Assigned task: The lines below, from the one holding "Death Registration: Year: 1908" through the one holding "Knutti, R., Flückiger, J., Stocker, T.F.", are to be restated word for word, with all images left out.
──────── Records provided
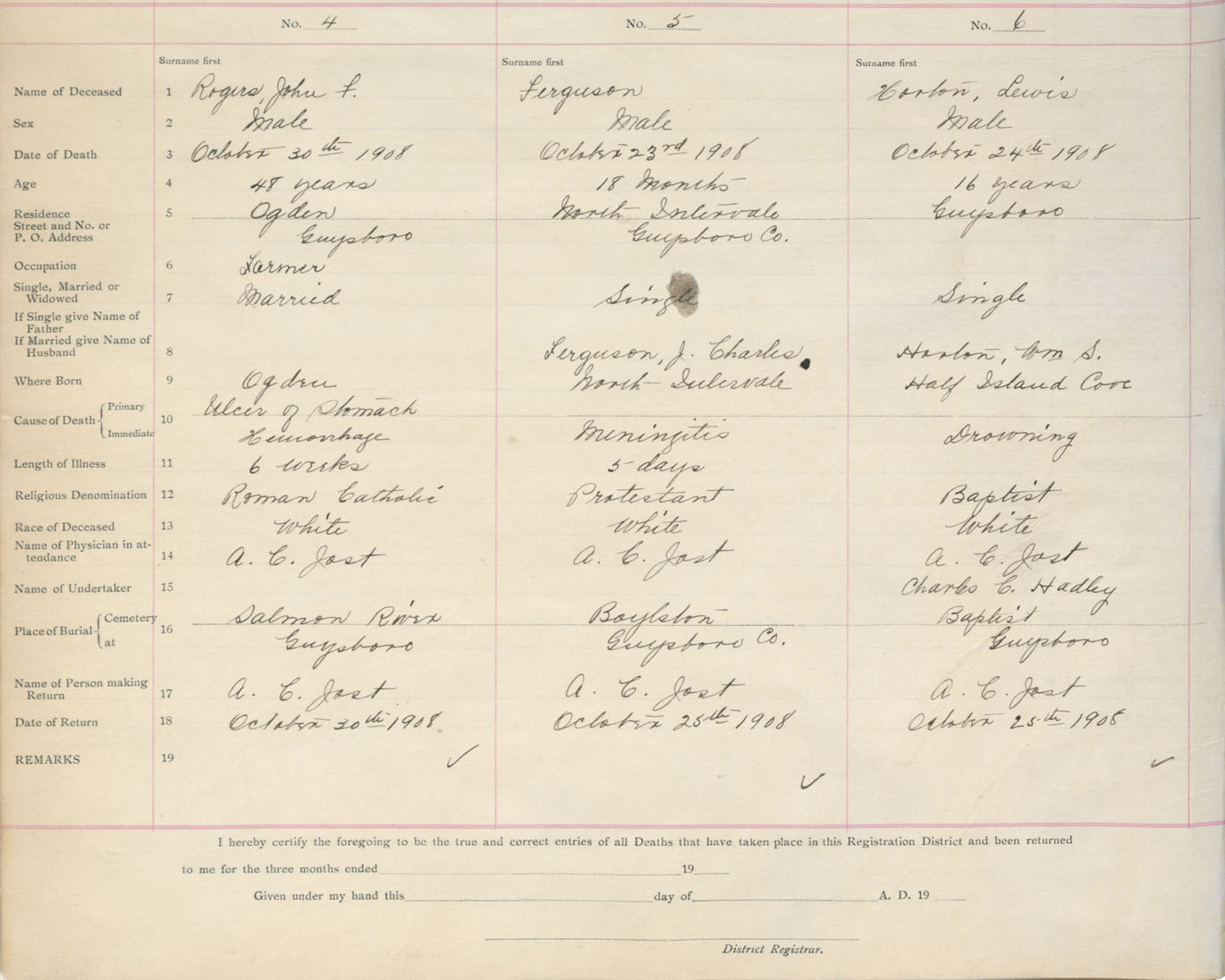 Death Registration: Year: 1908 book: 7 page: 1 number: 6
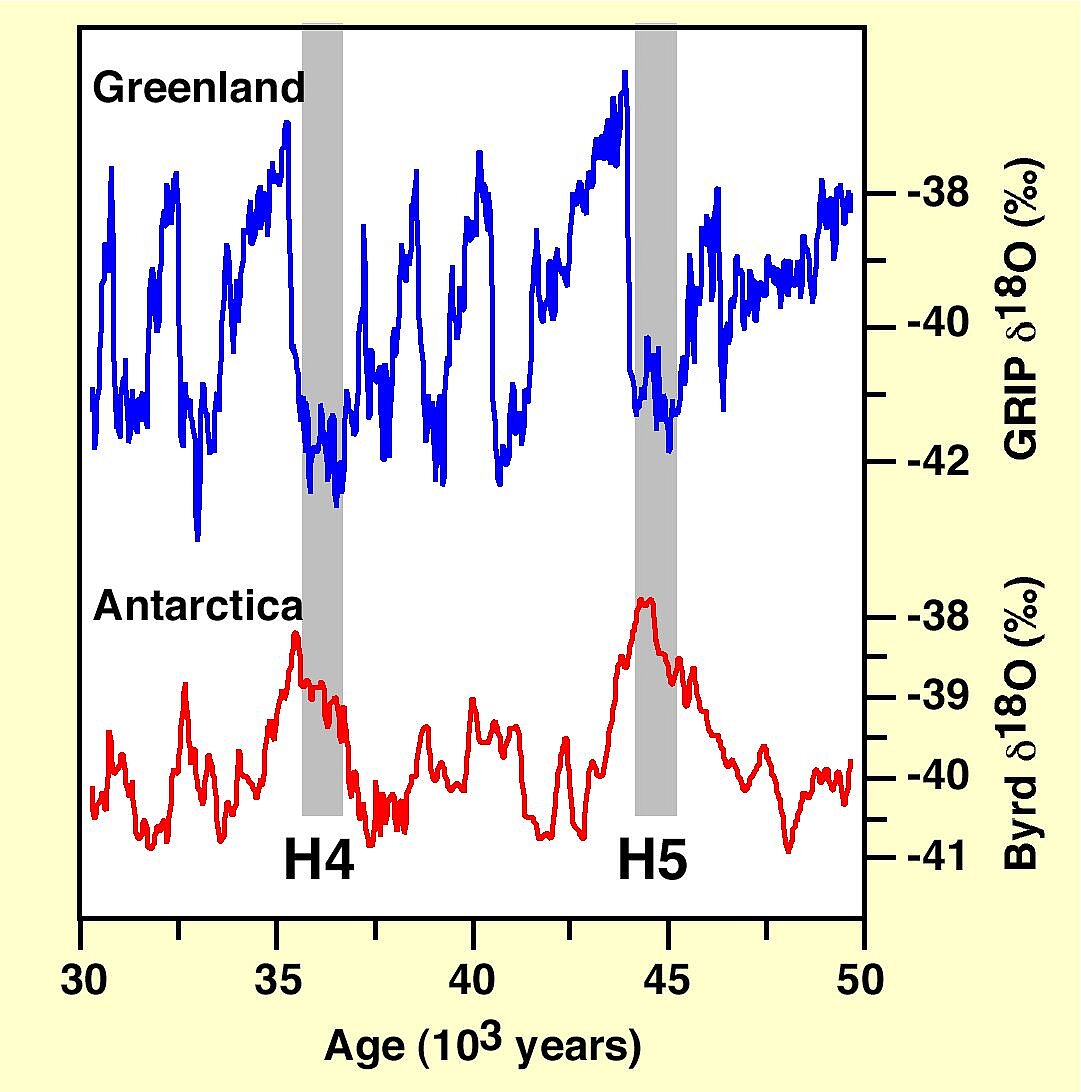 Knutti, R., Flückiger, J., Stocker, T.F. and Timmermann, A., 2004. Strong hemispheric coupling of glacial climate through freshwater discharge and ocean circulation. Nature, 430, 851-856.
────────────────
──────── Records provided
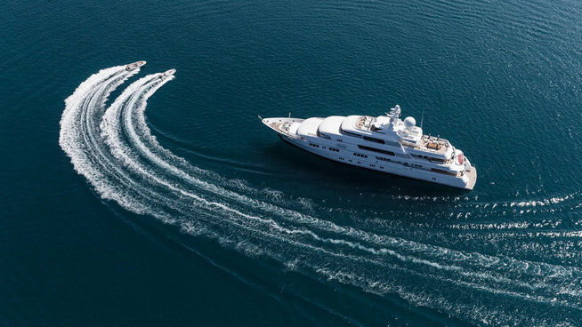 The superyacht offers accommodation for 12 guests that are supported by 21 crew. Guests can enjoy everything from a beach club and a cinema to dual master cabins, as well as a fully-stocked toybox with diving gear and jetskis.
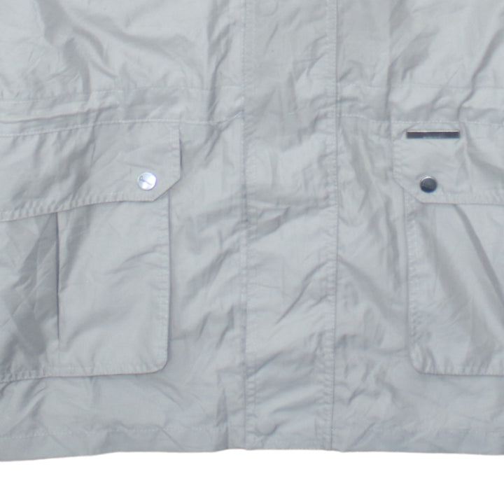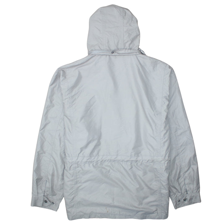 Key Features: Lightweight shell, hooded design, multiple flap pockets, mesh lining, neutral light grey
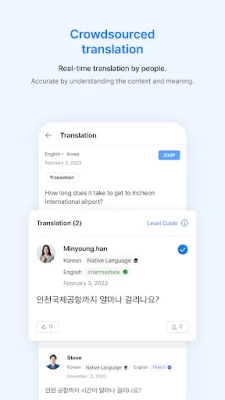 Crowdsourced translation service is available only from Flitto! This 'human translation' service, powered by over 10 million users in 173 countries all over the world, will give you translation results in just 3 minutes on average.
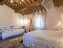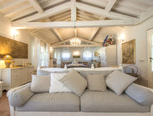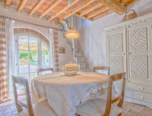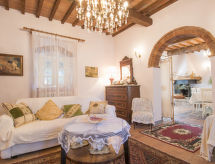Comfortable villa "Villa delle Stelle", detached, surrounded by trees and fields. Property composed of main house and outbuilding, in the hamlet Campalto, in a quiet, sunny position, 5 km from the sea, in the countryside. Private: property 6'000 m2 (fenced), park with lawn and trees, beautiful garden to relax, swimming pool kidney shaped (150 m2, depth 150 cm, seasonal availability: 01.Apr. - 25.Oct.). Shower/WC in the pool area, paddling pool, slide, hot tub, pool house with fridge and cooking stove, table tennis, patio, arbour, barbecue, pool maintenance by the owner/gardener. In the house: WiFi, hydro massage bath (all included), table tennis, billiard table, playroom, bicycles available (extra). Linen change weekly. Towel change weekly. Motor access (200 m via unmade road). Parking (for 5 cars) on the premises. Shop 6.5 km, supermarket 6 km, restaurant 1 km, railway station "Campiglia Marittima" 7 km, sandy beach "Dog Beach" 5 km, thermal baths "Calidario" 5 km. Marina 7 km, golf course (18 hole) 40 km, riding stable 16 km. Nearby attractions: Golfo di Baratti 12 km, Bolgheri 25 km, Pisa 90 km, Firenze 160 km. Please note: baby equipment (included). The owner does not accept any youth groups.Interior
────────────────
Exercise result:
 Death Registration: Year: 1908 book: 7 page: 1 number: 6
 Knutti, R., Flückiger, J., Stocker, T.F. and Timmermann, A., 2004. Strong hemispheric coupling of glacial climate through freshwater discharge and ocean circulation. Nature, 430, 851-856.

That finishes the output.